Uma mulher gasta em média R$ 18 com absorventes por ciclo menstrual. Se ela for mãe e tiver uma filha, por exemplo, o montante dobra. O custo pode passar dos R$ 10 mil ao longo da vida. Mas nem todas as mulheres têm esse dinheiro, ainda mais em famílias cuja renda é de um salário mínimo ou que recebem o Auxílio Brasil.


28% Das mulheres de baixa renda têm dificuldade para comprar absorvente

1 em cada 4 meninas brasileiras deixa de ir à escola por falta dos itens de higiene no período menstrual. Com isso, elas chegam a perder 45 dias do ano letivo

Uma pesquisa de uma marca de absorventes indica que 28% das mulheres de baixa renda são afetadas diretamente por essa carência. Como elas nem sempre têm acesso aos produtos de higiene íntima devido às dificuldades financeiras, acabam recorrendo a formas alternativas e inadequadas para conter o sangue da menstruação — como miolo de pão, jornal, sacolas etc.

Essa situação pode ser definida como “pobreza menstrual”, e ocorre quando uma menina ou mulher não tem acesso a itens de higiene, como absorvente, sabonete, água e papel, ou vive sem saneamento básico. O estudo também diz que uma em cada quatro meninas deixa de ir à escola por falta dos itens de higiene no período menstrual. Em média, são 45 dias de falta no ano letivo.

“Elas se sentem violentadas porque às vezes tem uma mancha ali na roupa e alguém aponta, olha torto, faz cara de nojo”, diz a psicóloga Maíra Rodrigues, da UBS Paraisópolis 2. Isso traz impactos à saúde mental de mulheres e meninas. “Elas ficam com baixa autoestima porque se sentem constrangidas em falar que não têm o básico para a higiene.”

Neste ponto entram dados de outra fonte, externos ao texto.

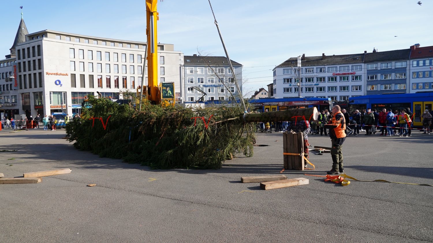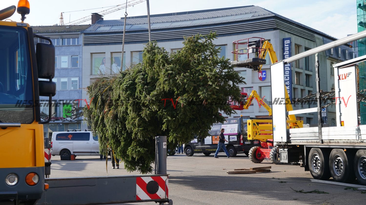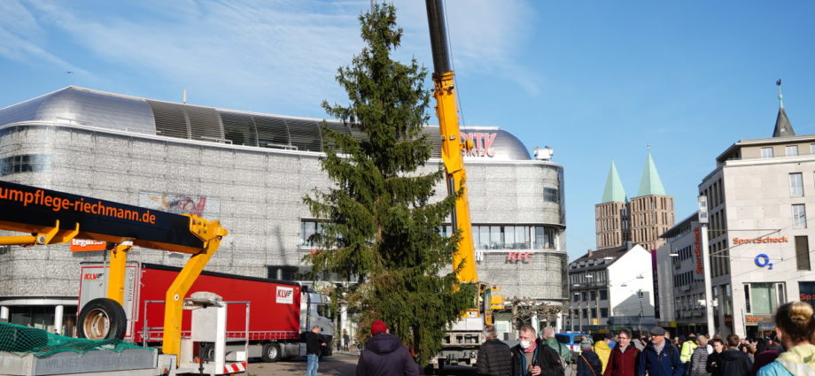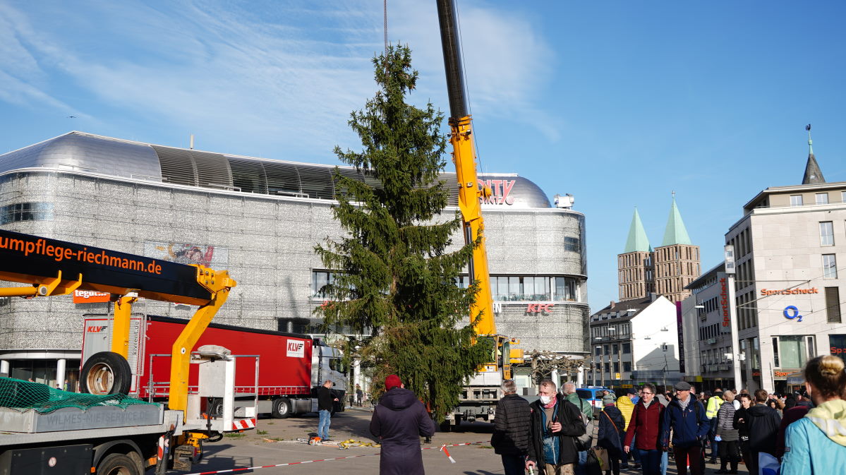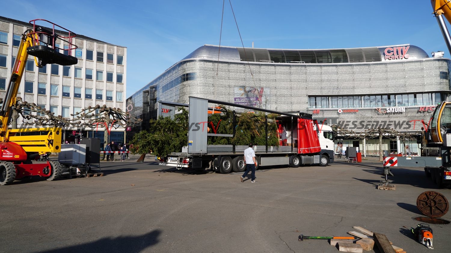 Kassel/Niedenstein – Ab dem kommenden Wochenende hat der Kasseler Königsplatz seinen Weihnachtsbaum wieder. Los ging es bereits am Samstagmorgen gegen 9 Uhr in Niedenstein-Kirchberg. Eine rund 14 Meter hohe Fichte aus einem Vorgarten in Niederstein, wurde der Auserwählte für den Kasseler Märchenweihnachtsmarkt. Die Familie hatte ihn gespendet, weil er zu groß geworden ist und bei stürmischen Tagen drohte auf das Haus zu kippen. Kurz nachdem er mit einem Kran gesichert wurde war der Baum auch schon ab. Verladen auf einem LKW kam er dann gegen 13 Uhr auf dem Königsplatz in Kassel an. Unter den Augen zahlreicher Zuschauer wurde der Baum aufgestellt. Jetzt wird er geschmückt und vorbereitet, damit am 22.11.2021 wie gewohnt auf dem Märchenweihnachtsmarkt in seiner vollen Pracht erstrahlen kann.

Outro estudo, do Fundo das Nações Unidas para a Infância (Unicef), aponta que, no Brasil, são 713 mil meninas sem acesso a banheiro ou chuveiro em seu domicílio e mais de 4 milhões sem acesso a recursos de cuidado menstrual nas escolas.

Problemas e soluções

Sem acesso a itens básicos de higiene, mulheres e meninas podem ter sérios problemas de saúde, explica a ginecologista Vanessa Alvarenga, do Hospital Israelita Albert Einstein. “Pode haver infecções como candidíase, hepatite, cistite, infecções renais. Se as infecções forem persistentes, pode haver lesões na pele.”


Foi a partir de relatos que ouvia diariamente das mulheres de Paraisópolis que Flávia Rodrigues, 24 anos, presidente da Associação das Mulheres de Paraisópolis (AMP), criou a campanha “Meu Fluxo Livre”, que doa kits de higiene pessoal para as mulheres da favela em situação de vulnerabilidade social.

O grupo, que organiza a coleta e a doação de itens, é formado por mães, trabalhadoras e voluntárias que criam estratégias em busca de alimentos, profissionalização e oportunidades de emprego. “A ideia é ter uma iniciativa que acolha as dores das mulheres de Paraisópolis e outras favelas, e poder ajudá-las e encorajá-las a falarem sobre o tema sem vergonha”, diz Flávia.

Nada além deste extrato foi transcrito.